Suppose that you are in a class of 31 students and it is assumed that approximately 13% of the population is left-handed. (Give your answers correct to three decimal places.)

(a) Compute the probability that exactly five students are left-handed.


(b) Compute the probability that at most four students are left-handed.


(c) Compute the probability that at least six students are left-handed.

35

0.45

To compute the probabilities in this scenario, we can use the binomial probability formula. The binomial probability formula is given by:

P(X = k) = nCk * p^k * (1-p)^(n-k)

Where:
- P(X = k) is the probability of getting exactly k successes
- n is the number of trials or observations
- p is the probability of success in a single trial
- nCk is the number of combinations of n items taken k at a time
- ^ represents exponentiation

(a) To compute the probability that exactly five students are left-handed:

In this case, n = 31 (number of students) and p = 0.13 (probability of a student being left-handed).
We want to find the probability of exactly 5 students being left-handed, so k = 5.

Using the binomial probability formula, we have:

P(X = 5) = 31C5 * (0.13)^5 * (1-0.13)^(31-5)

= (31! / (5! * (31-5)!)) * (0.13^5) * (0.87^26)

Calculating this expression will yield the probability.

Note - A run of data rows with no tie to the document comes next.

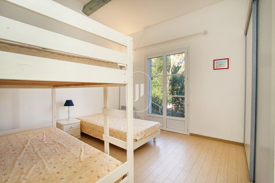 The garden level contains a cellar, a utility room, a bathroom/toilet and a double garage in addition to the outdoor parking spaces. The garden is also sure to surprise you, with a total area of 1000 sqm planted with flowers and trees. There is a pétanque court where you can cool off in the shade of trees and plants characteristic of the region. The villa is in excellent condition.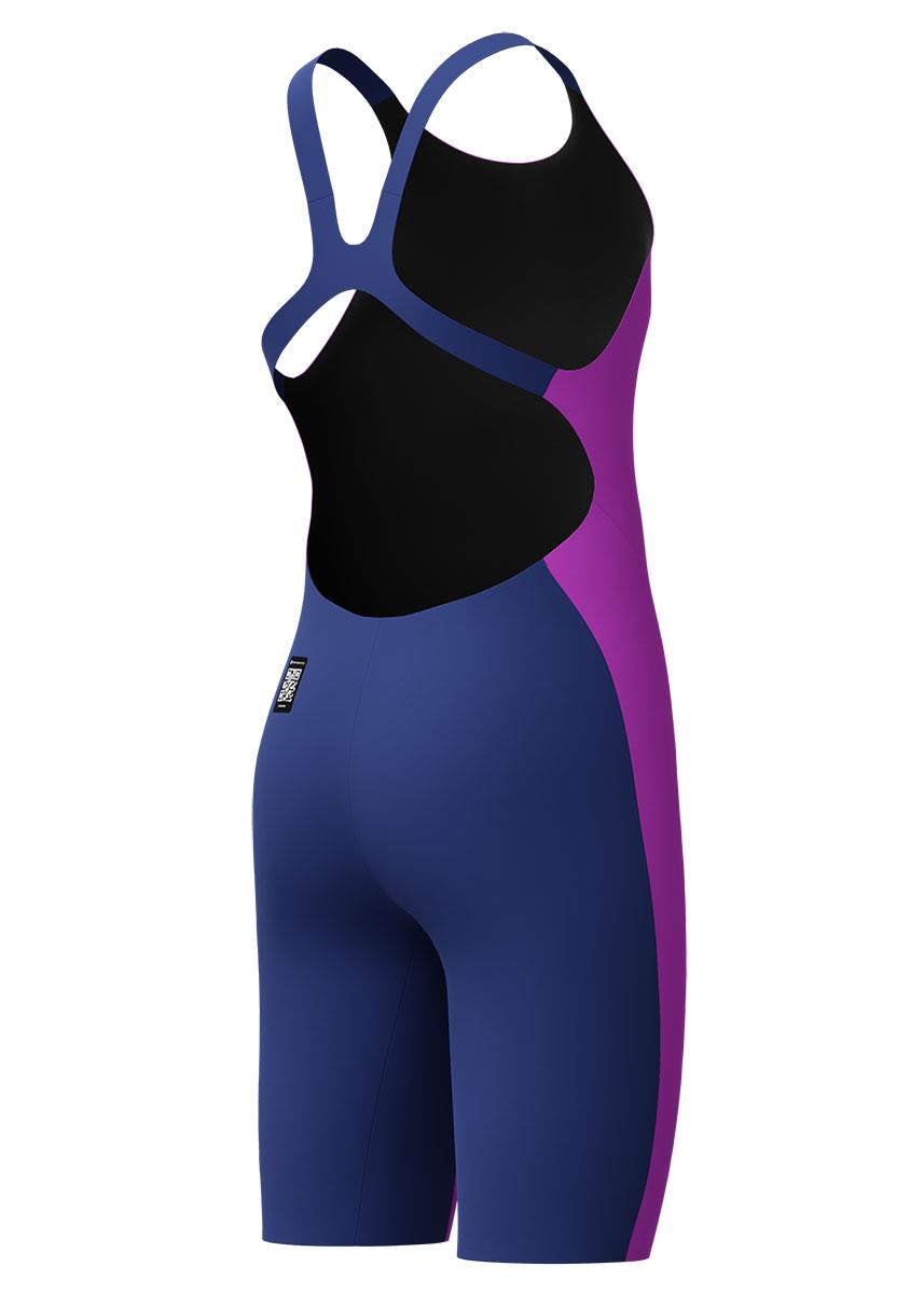 Rendered in a striking purple and navy palette, its openback design provides increased freedom of movement, while the kneeskin cut affords additional coverage and support. With its modern aesthetic, this swimsuit ensures your youngster stands out in style.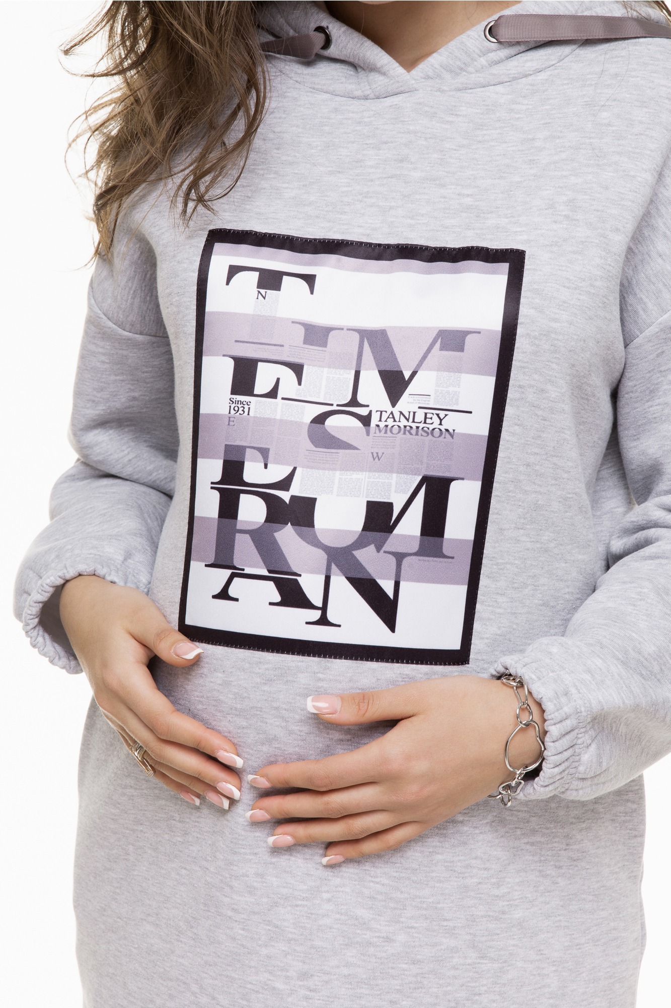 Платье в спортивном стиле для будущих мам выполнено в виде удлиненного худи. На модели вместительный капюшон с кулисками, стойкий не тускнеющий принт. По низу изделия предусмотрена тесьма с фиксатором – стянув ее, вы получите платье-баллон, защищающее Вас от ветра. Свободный крой платья позволяет носить его до последних сроков беременности. Мягкое уютное платье станет любимой вещью в Вашем гардеробе!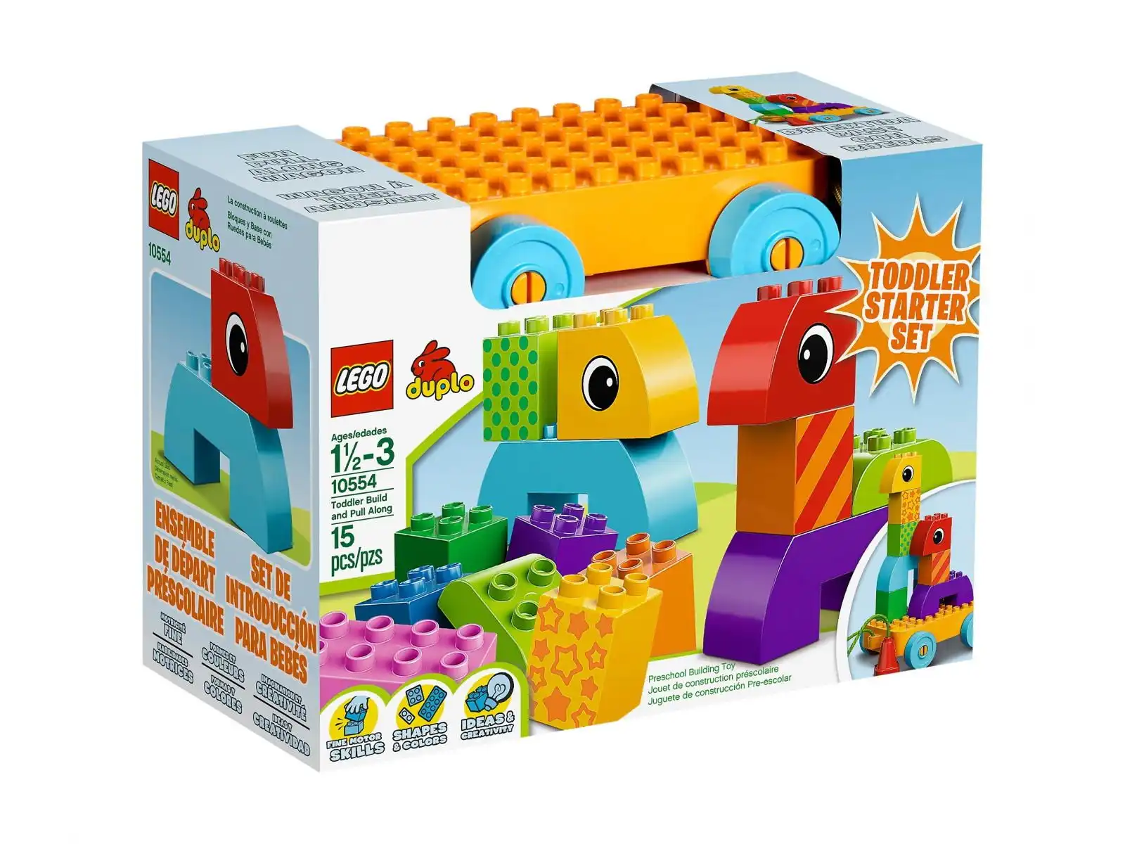 Lego Duplo Kreatywny pojazd 10554. Duże klocki LEGO DUPLO stanowią idealne wprowadzenie do kreatywnego budowania dla małych dzieci. Zestaw zawiera 15 klocków i innych elementów w jasnych kolorach, w tym pojazd do ciągnięcia. Wszystkich dużych klocków można używać łącznie ze standardowymi klockami i elementami DUPLO.

(b) To compute the probability that at most four students are left-handed:

To find this probability, we need to sum up the individual probabilities of having 0, 1, 2, 3, or 4 left-handed students.

P(X ≤ 4) = P(X = 0) + P(X = 1) + P(X = 2) + P(X = 3) + P(X = 4)

Using the binomial formula with different values of k, you can calculate each term and then add them together to obtain the desired probability.

(c) To compute the probability that at least six students are left-handed:

To calculate the probability of "at least" a certain number of left-handed students, we need to find the complement of the probability of having fewer than six left-handed students.

P(X ≥ 6) = 1 - P(X ≤ 5)

We can use the same approach as in part (b) to calculate the complementary probability and subtract it from 1 to find the desired probability.

By following these steps and performing the necessary calculations, you can find the probabilities for each scenario.